You can have a conversation without opinion 

I'm not arrogant enough to think anyone would be interested in my opinion, but when I see half truths and down right fabrication then I try and redress the balance. That's not necessarily saying I disagree with the sentiment just the way it's being delivered and the omittance of certain facts.

I know other peoples personal experiences of gamekeepers will be different from mine but I have known quite a few and apart from two brothers, who were also terrier men for the hunt, they have all been concerned about the wider diversification on the land they care for.
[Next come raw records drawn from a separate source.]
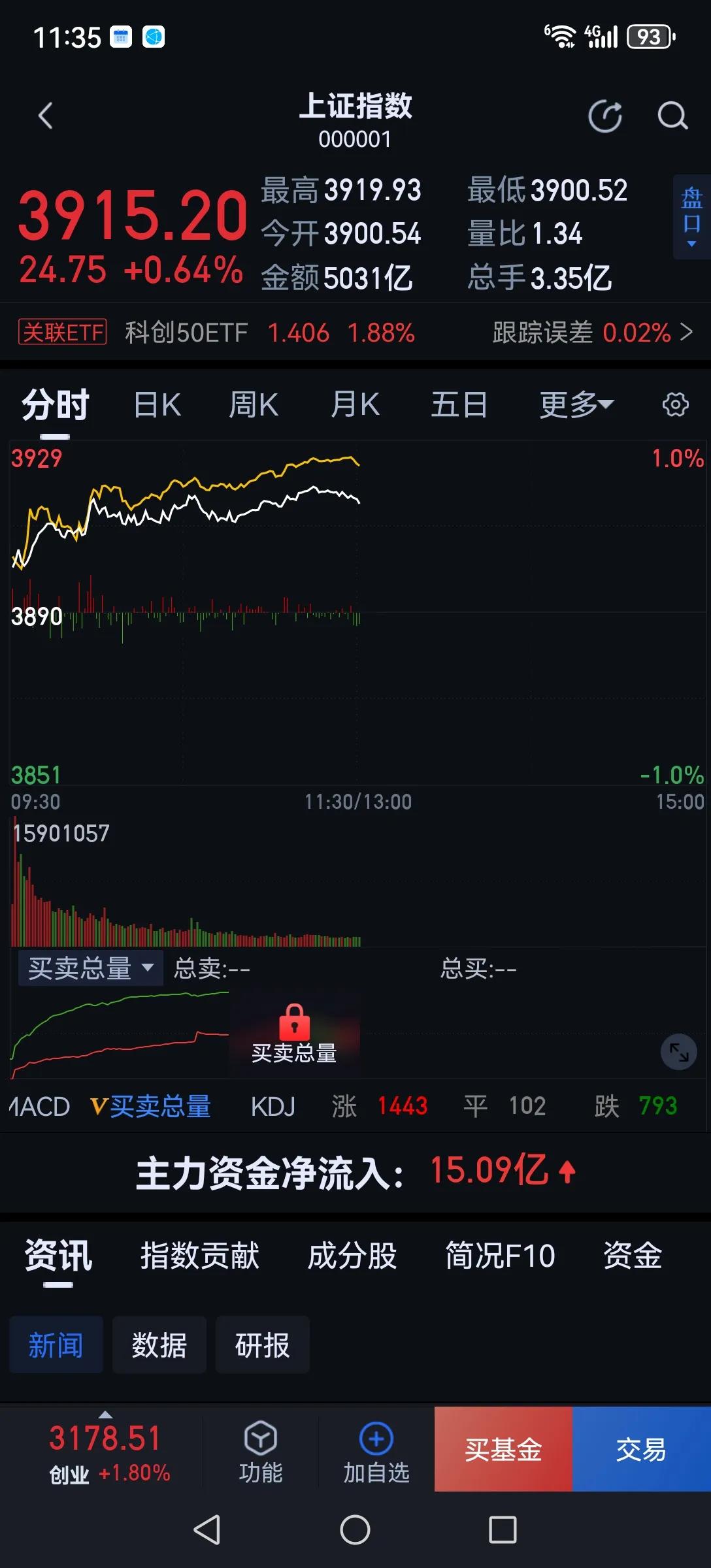 外围大涨,A股小涨。今天上午A股虽然上涨,但涨幅明显低于外围股市(日、韩股市涨近2%)。证明年未资金进场意愿不强,部分资金有落袋为安的倾向。希望A股能奋起直追,迎头赶上,不要再让股民失望。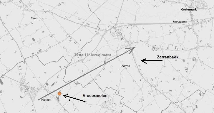 Na de verovering van de 43 m hoge molenheuvel van Klerken, daalde het 3de Linie het dal van de Zarrenbeek in en kon het oprukken tot vóór Zarren.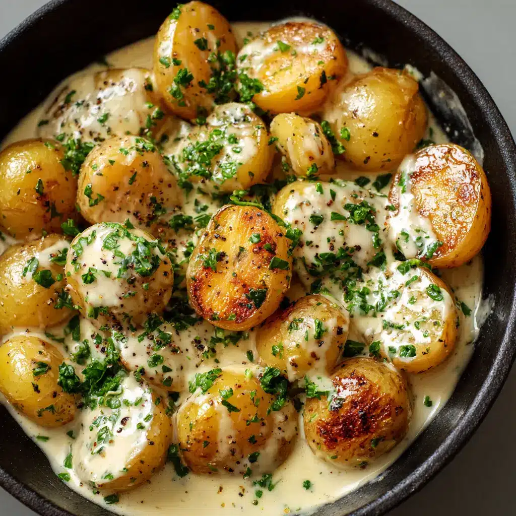 Tender, boiled baby potatoes are pan-seared to golden perfection and smothered in a thick, glossy, off-white garlic butter cream sauce. The ultimate comfort side dish garnished with fresh parsley and black pepper.

On the other hand, I have unfortunately had quite a few experiences of "farmers" who care little about anything other than money. Having said that, my experience is that the old moneyed farmer that passes his land down to the next generation, as a general rule in this area actually cares deeply about what they are passing on and the legacy they are leaving. They no longer have the constraints of worrying where the next penny is coming from and can put their minds to higher achievements like conservation 

There, that's a lot of writing without one opinion, a little supposition maybe but not opinion 

PS. I don't do name calling etc..................


----------



## noushka05 (Mar 28, 2008)

Sleeping_Lion said:


> Both kestrels and sparrow hawks are big enough to take grouse chicks, so having a healthy, even thriving population of raptors locally, shows there are gamekeepers here who aren't out to kill every predator that conflicts with their livelihood. And just for info, I did say I hadn't seen any hen harriers, and to be perfectly honest, if there are any on the moors locally, I would prefer not to know, any mention of rare birds and the place is over run with people with binoculars and large cameras. And actually, kestrels are in decline in some areas, so having a burgeoning population of them in the heart of shooting country pretty much shows the way the land is managed is providing the right sort of balance to allow all the wildlife to thrive, and that is the whole point of shooting, everyone assumes it's still how it was in the Victorian era and for the vast majority of shoots, it simply isn't like that at all.
> 
> We also have a good population of foxes and badgers locally, not so many badgers, which is a good thing, because of the abundance of ground nesting birds. It wouldn't do to have one of those rogue badgers teaching the rest how to eat chicks and eggs!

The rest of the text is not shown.